Sunday, May 31, 2009

Writing Weaponry

Throughout her life Virginia Woolf suffered from manic depression. 'Mania' is defined as violently excessive reaction. In Greek mythology, Mania was the personification of insanity. In Roman and Etruscan mythology, Mania (or Manea) was the goddess of the dead. Depression is defined as a pessimistic sense of inadequacy and a despondent lack of activity. Definitions combined, Woolf's condition could be compared to a female deity of disorderly lethargy. In the biography The Marriage of Heaven and Hell: Manic Depression and the Life of Virginia Woolf by Peter Dally it is asserted that, "Virginia's need to write was, among other things, to make sense out of mental chaos and gain control of madness. Through her novels she made her inner world less frightening. Writing was often agony but it provided the 'strongest pleasure' she knew." This suggests that Woolf depended on writing as an artificial act to avoid being captured by the chaotic realtiy of her mind.

In 1941 she wrote in a letter to her husband:

"I feel certain now that I am going mad again. I feel we can't go through another of those terrible times. And I shan't recover this time ..."

She then walked to the river bank near her house, weighted her pockets with stones, and submerged her self in water. Her suffocated corpse was discovered by children three weeks later.

I've always thought of mania as a fickle companion...a looming presence that permeates it's self into it's habitat. The closer one becomes to their companion, the deeper it permeates. I think that the concept of drowning is interesting to consider in Woolf's case. The process of suffocation via water is reminiscent of a need for silence, a need for sedation, the contradiction to Woolf’s companion.

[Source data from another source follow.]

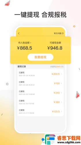 3. 一键提现,合规报税,财务操作便捷高效。
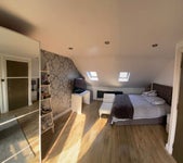✅ Large double loft room with a Juliette balcony overlooking a pretty garden.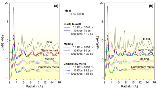 Radial distribution functions (RDFs) of (a) Al atoms and (b) Mg atoms from the statistical averages over the entire nanolayer.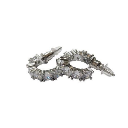 Kostibas 3112-703A4, Σκουλαρίκια κρίκοι, Στρας, Μεταλλικό, Λευκό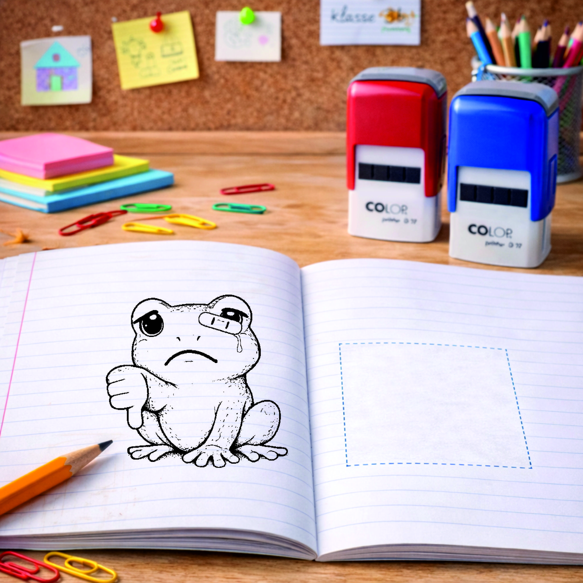 Lehrer Automatikstempel Frosch Motivationsstempel Schüler – Tiermotive Daumen runter – Abdruck 16 x 16 mm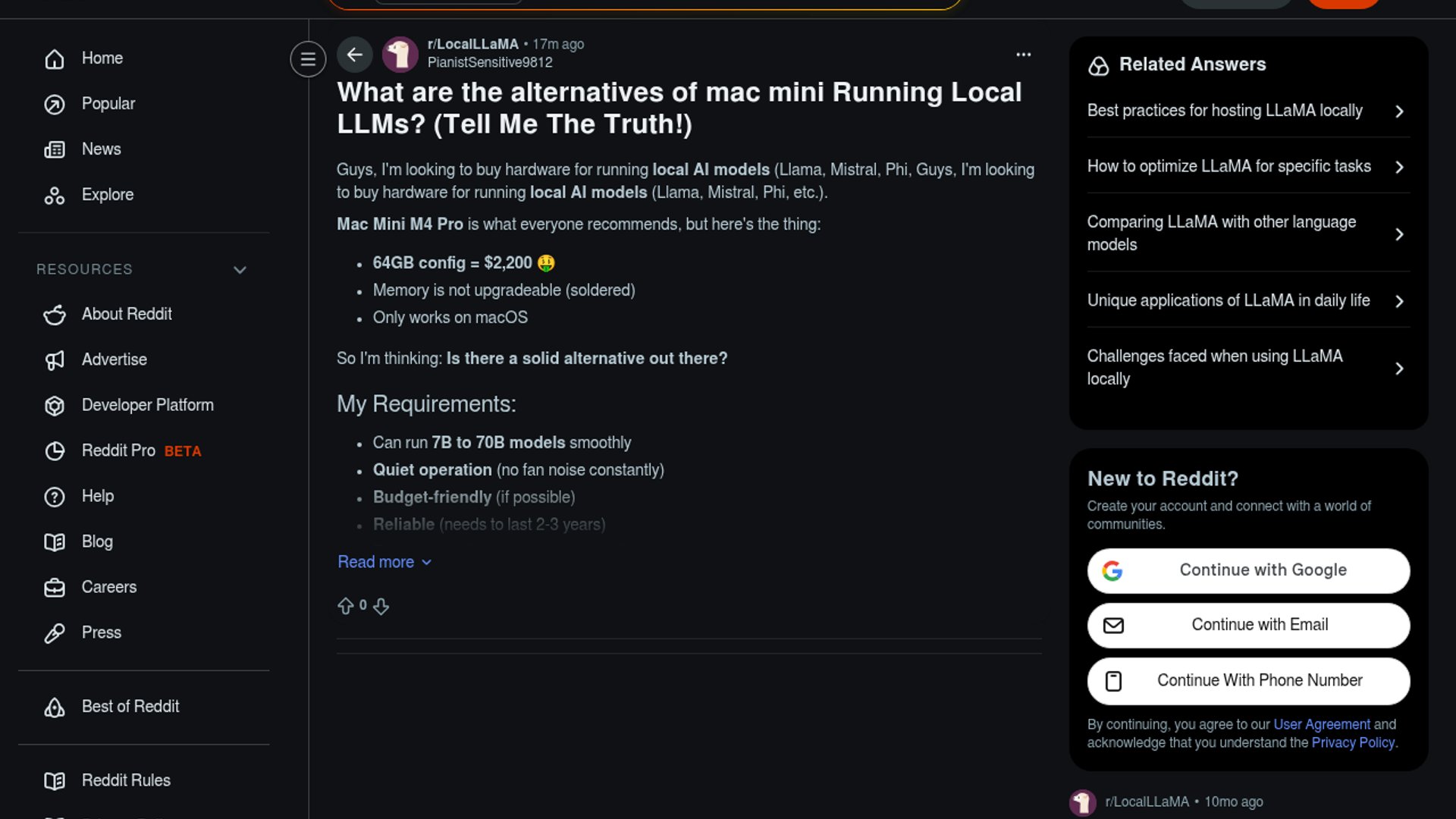 This Reddit post asks for honest alternatives to the Mac mini M4 Pro for running local LLMs, especially if you want 7B to 70B models without paying Apple’s premium. The real question is whether cheaper mini PCs can match Apple Silicon’s mix of memory bandwidth, silence, and plug-and-play setup.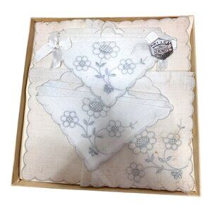 Vintage Swiss Style Orlana Embroidered Linen Handkerchief Set Elegant Gift Box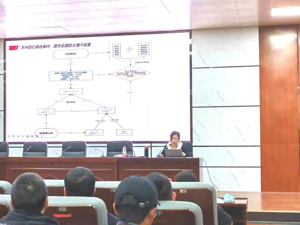 首先,何燕以近期备受关注的土壤污染案件入手,结合实际案例对判决结果中蕴含的绿色原则进行分析,然后由浅入深,为同学们具体分析了本案所涉及到的法条。接着,何燕以《民法典》中的绿色条款——第一千二百三十二条和第一千二百三十三条为例,为同学们讲解了故意与过错的联系和区别,无过错原则的含义等相关知识。最后,何燕还就一些法条中的易混淆概念进行了生动详细的讲解,加深了同学们对于《民法典》中重难点条款的理解。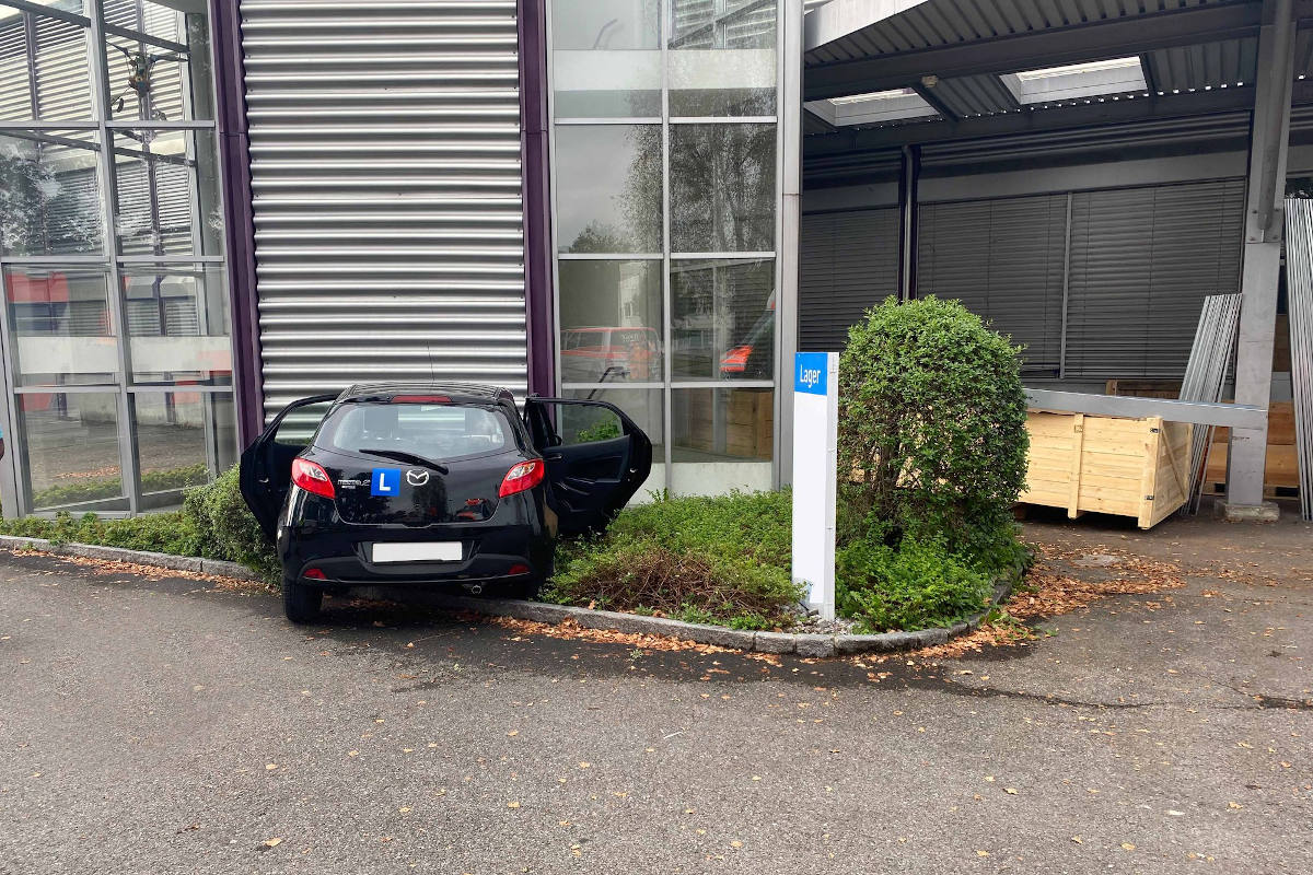 Der Unfall ereignete sich am Sonntagnachmittag (26. September 2021), kurz nach 14:00 Uhr, auf einem Vorplatz einer Firma an der Steinhauserstrasse in Zug. Bei einem Fahrmanöver hat eine 46-jährige Lernfahrerin die Kontrolle über ihr Auto verloren und ist frontal in die Gebäudemauer geprallt.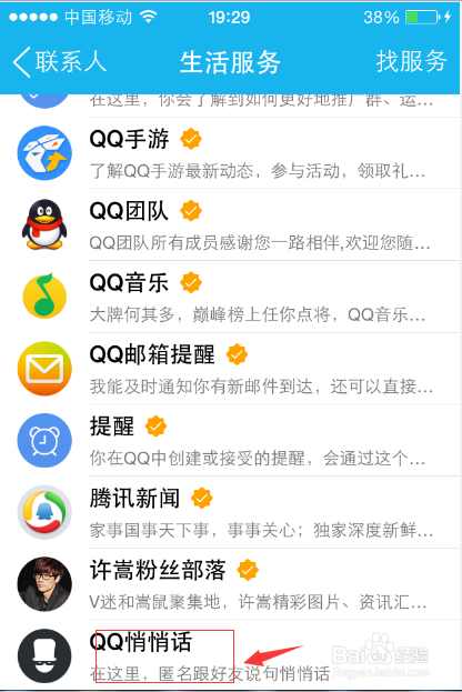 点击打开生活服务菜单,下拉到最后一个,看到QQ悄悄话选项,点击打开。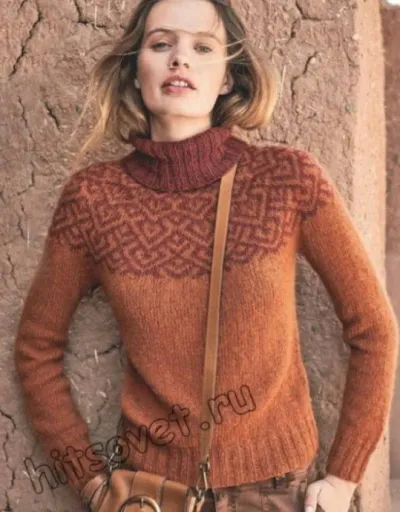 Модная модель женского вязаного свитера с круглой жаккардовой кокеткой спицами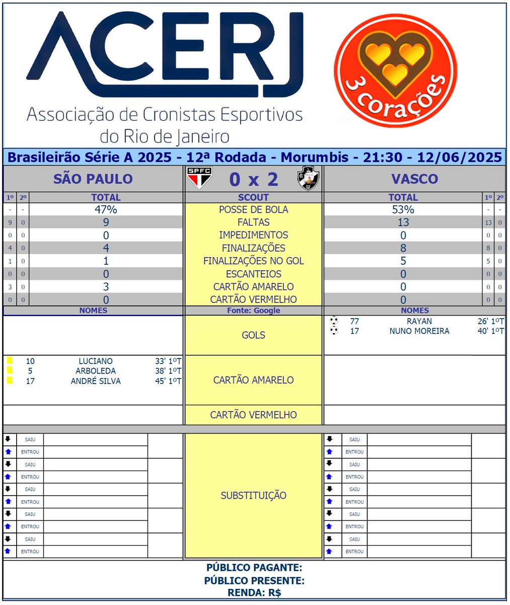 Scout do 1º Tempo de São Paulo e Vasco pela 12ª Rodada do Campeonato Brasileiro 2025 no Morumbis (Fonte: Google) #Acerjinforma #brasileirao2025 #SAOxVAS #SaoPauloFC #VascodaGama @Brasileirao @SaoPauloFC @VascodaGama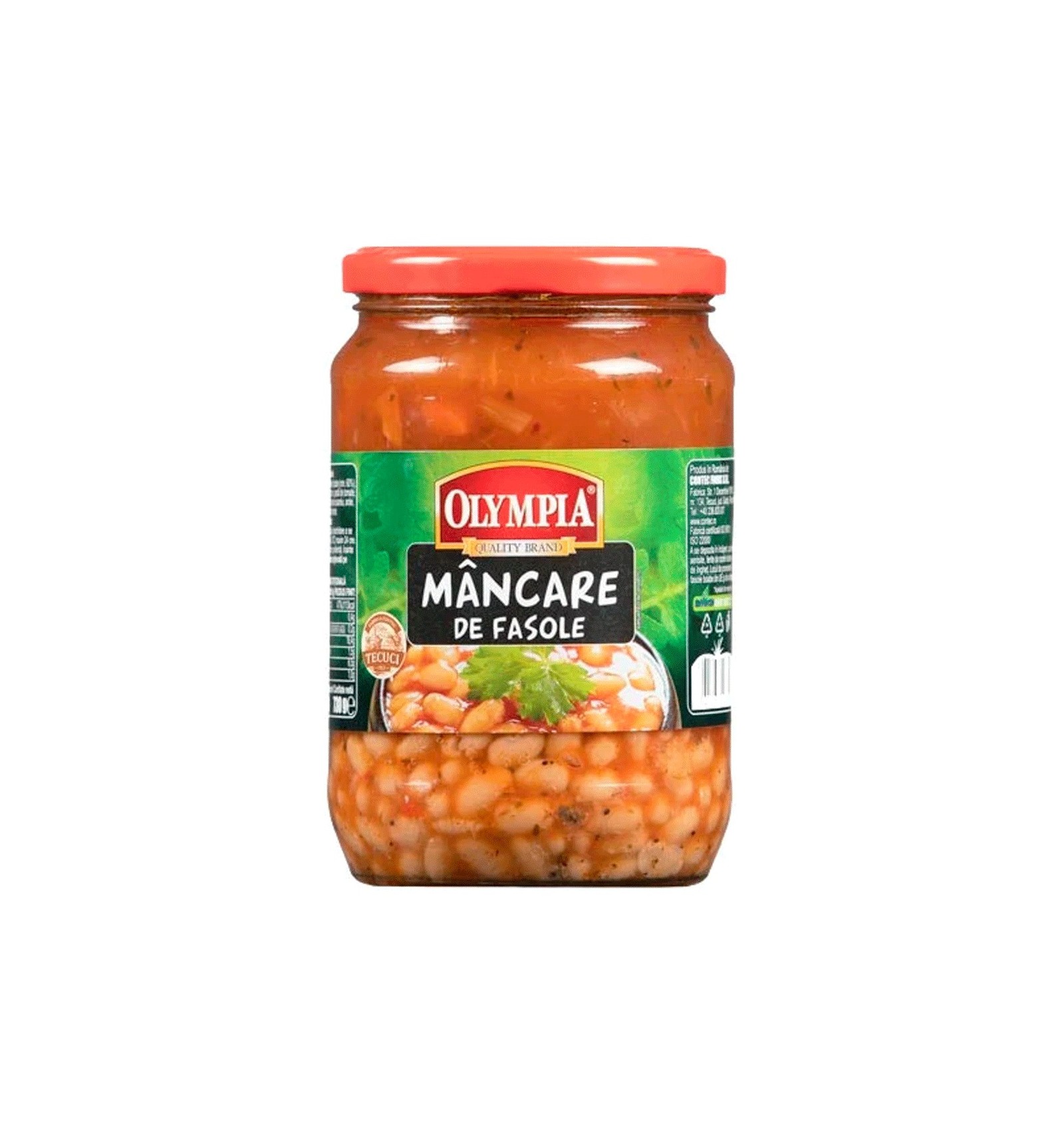 Ingredientes: judías (mín. 60%), agua, cebolla, zanahorias, pasta de tomate, aceite vegetal de girasol, pimientos, sal, azúcar, especias.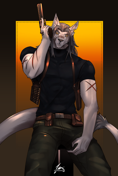 #fox #desert #eagle #gesture #muscles #pants #pistol #sketch #back #veckko #blackvulp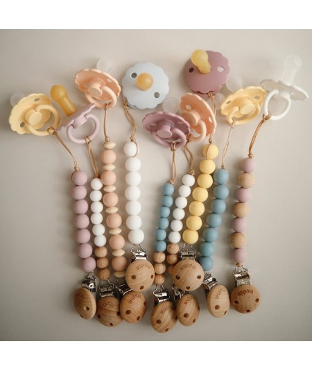 Cadena porta-chupetes con cierre mediante clip de silicona, de colores únicos y elegantes, de inspiración vintage.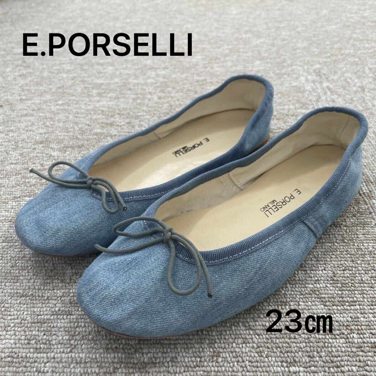 > 【764】 E.PORSELLI ポルセリ フラットシューズ デニム パンプス 水色 リボン バレエシューズ オープントゥ 表記サイズ36 23㎝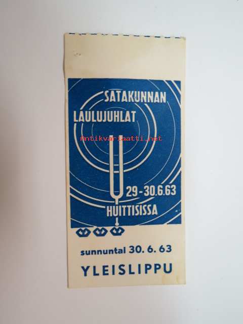 Satakunnan Laulujuhlat 29.-30.6.1963 Huittinen -pääsylippu / entrance ticket
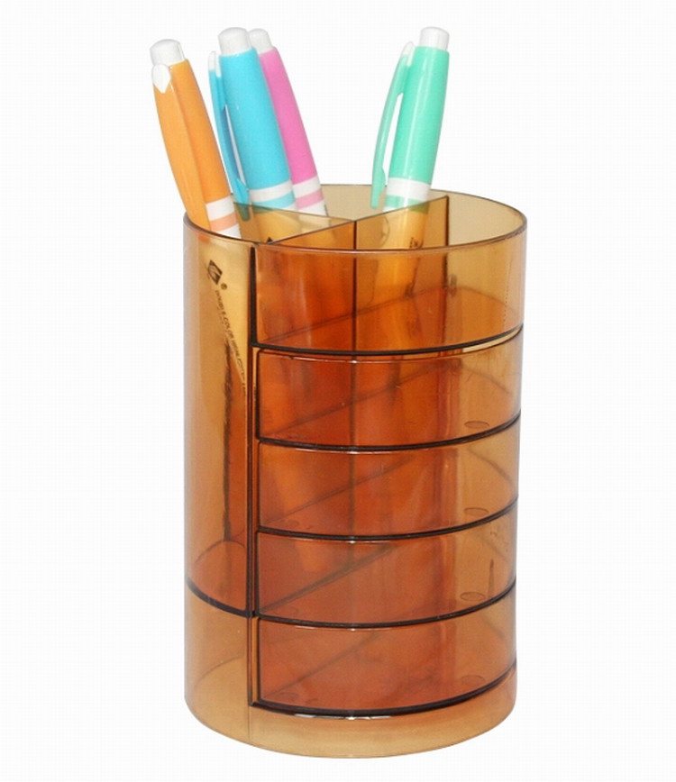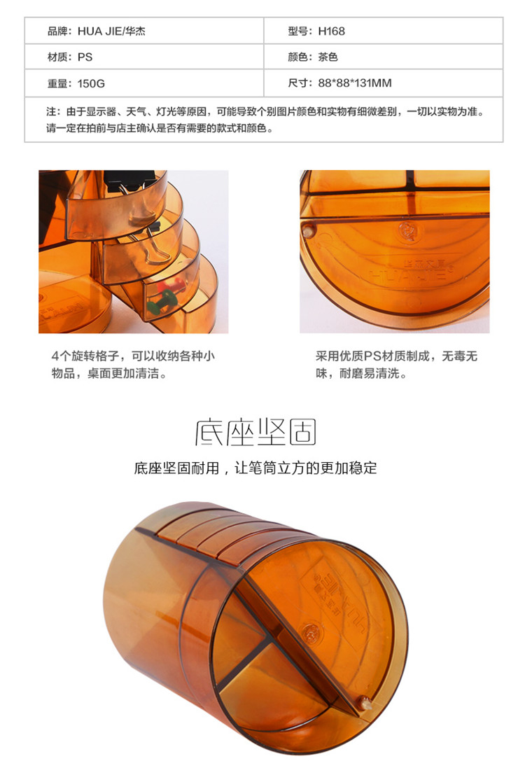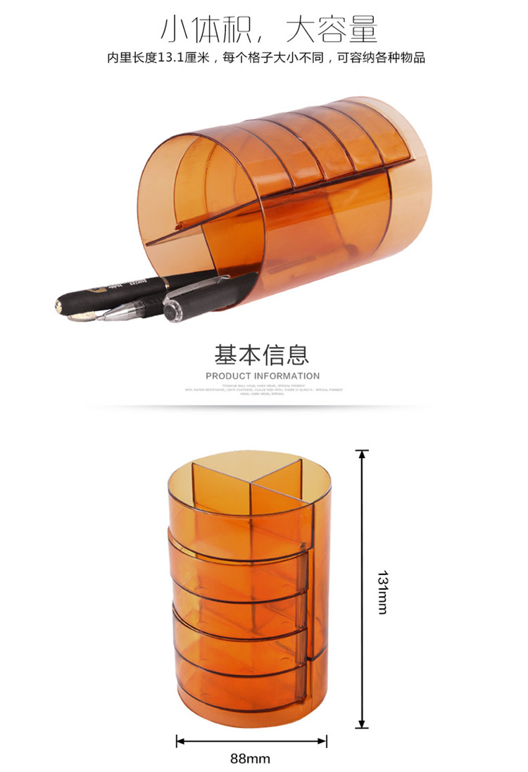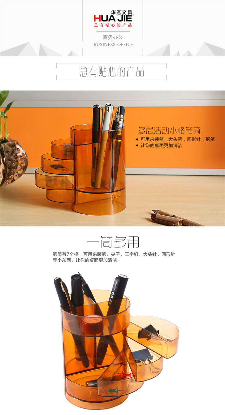 華杰多功能組合茶色透明創(chuàng)意辦公筆筒四層分隔H168 透明色

My hypothesis is this: In writing fiction, Virginia Woolf strived for a contradiction. She used fiction as a method of stifling her companion and organizing the chaos that she sensed increasingly as she aged. The last work of fiction that Woolf produced, The Years, was written at a time when her condition was beginning to usurp her self constantly. To prove my hypothesis I am going to read the work and attempt to trace her process.